Researchers found that rats fed a diet high in sugar but low in fat—meant to imitate many popular diet foods—increased body fat mass when compared to rats fed a balanced rodent diet. The high-sugar diet induced a host of other problems, including liver damage and brain inflammation.

"Most so-called diet products containing low or no fat have an increased amount of sugar and are camouflaged under fancy names, giving the impression that they are healthy, but the reality is that those foods may damage the liver and lead to obesity as well," said the study's principal investigator, Krzysztof Czaja, an associate professor of veterinary biosciences and diagnostic imaging in UGA's College of Veterinary Medicine.

"What's really troubling in our findings is that the rats consuming high-sugar, low-fat diets didn't consume significantly more calories than the rats fed a balanced diet," Czaja said. "Our research shows that in rats fed a low-fat, high-sugar diet, the efficiency of generating body fat is more than twice as high—in other words, rats consuming low-fat, high-sugar diets need less than half the number of calories to generate the same amount of body fat."

Over a four-week period, researchers monitored body weight, caloric intake, body composition and fecal samples in three groups of rats. One group of test subjects consumed a diet high in fat and sugar, another group was fed a low-fat, high-sugar diet and a third group was given a balanced or "normal" diet.

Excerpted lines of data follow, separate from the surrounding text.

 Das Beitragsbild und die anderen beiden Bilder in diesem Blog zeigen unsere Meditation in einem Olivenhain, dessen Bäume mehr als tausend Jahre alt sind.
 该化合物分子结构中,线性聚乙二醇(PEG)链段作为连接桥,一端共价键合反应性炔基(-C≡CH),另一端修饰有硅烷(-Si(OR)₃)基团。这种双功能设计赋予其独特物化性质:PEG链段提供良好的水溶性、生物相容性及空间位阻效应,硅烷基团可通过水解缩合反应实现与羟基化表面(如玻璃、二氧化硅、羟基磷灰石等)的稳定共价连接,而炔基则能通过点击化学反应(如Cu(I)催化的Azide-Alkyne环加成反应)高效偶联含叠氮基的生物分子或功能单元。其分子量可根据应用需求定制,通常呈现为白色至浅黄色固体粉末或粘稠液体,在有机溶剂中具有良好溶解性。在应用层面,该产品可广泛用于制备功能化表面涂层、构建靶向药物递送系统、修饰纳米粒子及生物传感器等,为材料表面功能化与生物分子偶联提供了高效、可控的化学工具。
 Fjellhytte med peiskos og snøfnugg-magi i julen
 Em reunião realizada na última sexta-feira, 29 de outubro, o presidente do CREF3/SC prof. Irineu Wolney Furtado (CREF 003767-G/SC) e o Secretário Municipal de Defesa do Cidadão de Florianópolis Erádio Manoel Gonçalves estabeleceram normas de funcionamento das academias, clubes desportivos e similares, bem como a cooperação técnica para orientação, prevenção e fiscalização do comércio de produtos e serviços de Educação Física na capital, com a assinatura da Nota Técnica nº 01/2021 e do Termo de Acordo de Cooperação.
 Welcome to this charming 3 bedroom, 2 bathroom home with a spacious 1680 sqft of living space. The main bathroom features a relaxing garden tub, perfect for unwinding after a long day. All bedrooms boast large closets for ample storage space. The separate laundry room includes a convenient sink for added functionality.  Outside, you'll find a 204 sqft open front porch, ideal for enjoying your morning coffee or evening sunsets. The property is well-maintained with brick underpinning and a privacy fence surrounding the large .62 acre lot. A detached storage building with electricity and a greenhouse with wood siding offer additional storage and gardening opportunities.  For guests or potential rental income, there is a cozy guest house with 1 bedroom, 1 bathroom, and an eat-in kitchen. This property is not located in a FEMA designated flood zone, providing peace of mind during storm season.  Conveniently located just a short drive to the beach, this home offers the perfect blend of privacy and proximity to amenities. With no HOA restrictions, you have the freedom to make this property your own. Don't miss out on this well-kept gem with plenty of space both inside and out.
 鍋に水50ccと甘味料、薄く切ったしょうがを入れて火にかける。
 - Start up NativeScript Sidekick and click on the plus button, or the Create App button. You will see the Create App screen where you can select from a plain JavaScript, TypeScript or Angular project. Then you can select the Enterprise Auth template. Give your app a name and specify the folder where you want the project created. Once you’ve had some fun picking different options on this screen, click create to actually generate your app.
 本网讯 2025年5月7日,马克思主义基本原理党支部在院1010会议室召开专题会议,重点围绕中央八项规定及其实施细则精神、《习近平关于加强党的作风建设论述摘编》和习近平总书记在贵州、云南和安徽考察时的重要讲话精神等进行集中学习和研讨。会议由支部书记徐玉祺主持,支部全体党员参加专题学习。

Both the low-fat, high-sugar and high-fat, high-sugar groups displayed an increase in liver fat and significant increases in body weight and body fat when compared to the balanced diet group. Liver fat accumulation was significant in the high-sugar, low-fat group, which Czaja said "is a very dangerous situation, because the liver accumulating more fat mimics the effect of non-alcoholic fatty liver disease."

Non-alcoholic fatty liver disease is caused by fat buildup in the liver, and serious forms of the disease can result in liver damage comparable to that caused by heavy alcohol use.

The unbalanced diets also induced chronic inflammation in the intestinal tract and brain. Former studies in rats conducted by Czaja have shown that brain inflammation alters gut-brain communication by damaging the vagus nerve, which controls sensory signals, including the brain's ability to determine when one is full.

"The brain changes resulting from these unbalanced diets seem to be long term, and it is still not known if they are reversible by balanced diets," Czaja said.

This study expands upon the researchers' previous work that determined high-fat diets alter the gut microbiome, the collection of bacteria, viruses and other microbes that live in the digestive tract. The recent study found that the unbalanced diets decreased the microbiome's bacterial diversity, and the low-fat, high-sugar diet increased gut bacteria that are associated with liver damage.

The study was published online in the journal Physiology and Behavior and is available at http://www.sciencedirect.com/science/article/pii/S0031938416309489. Co-author Claire de La Serre, an assistant professor of foods and nutrition in UGA's College of Family and Consumer Sciences, conducted metabolic analysis for the study.